Fix issue #15899: Make the unicode.rst doctests pass. Patch by Chris Jerdonek.

commit: 2fd8bdbc9d904a7cb9f7cd676322eee03d92ee0c [log] [tgz]
author: Senthil Kumaran <senthil@uthcode.com> Tue Sep 11 03:17:52 2012 -0700
committer: Senthil Kumaran <senthil@uthcode.com> Tue Sep 11 03:17:52 2012 -0700
tree: c6c03e3f3d0a42d4ff6c93d76bebe1b5dc2d2289
parent: c8754a13e607ebc70f12a10297c76dc574a91d5b [diff] [blame]

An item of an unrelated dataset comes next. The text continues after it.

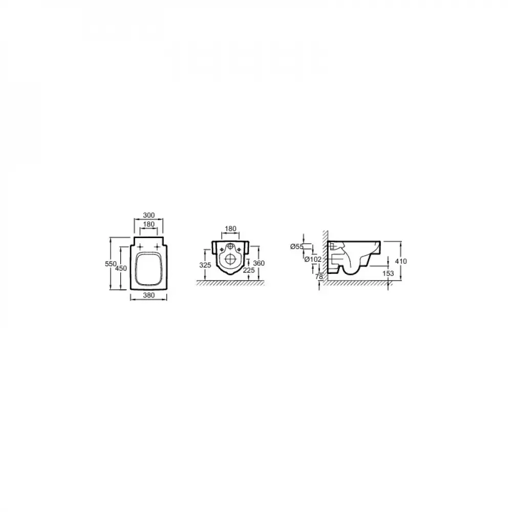 унитаз, устанавливаемый вплотную к стене, скрытая система крепежа для полноценной видимости и доступности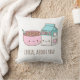 Ein Kissen mit dem Doodle einer Schüssel Frühstückszerealien mit Liebe-Form Körner und ein Milchpaket in den süßen Pastellfarben Blau und Rosa. Die Wortmarke lautet "Cereal About You". Awww...

diff --git a/Doc/howto/unicode.rst b/Doc/howto/unicode.rst
index 045fd33..bcd29be 100644
--- a/Doc/howto/unicode.rst
+++ b/Doc/howto/unicode.rst

@@ -257,13 +257,13 @@
 'REPLACEMENT CHARACTER'), or 'ignore' (just leave the character out of the
 Unicode result).  The following examples show the differences::
 
-    >>> b'\x80abc'.decode("utf-8", "strict")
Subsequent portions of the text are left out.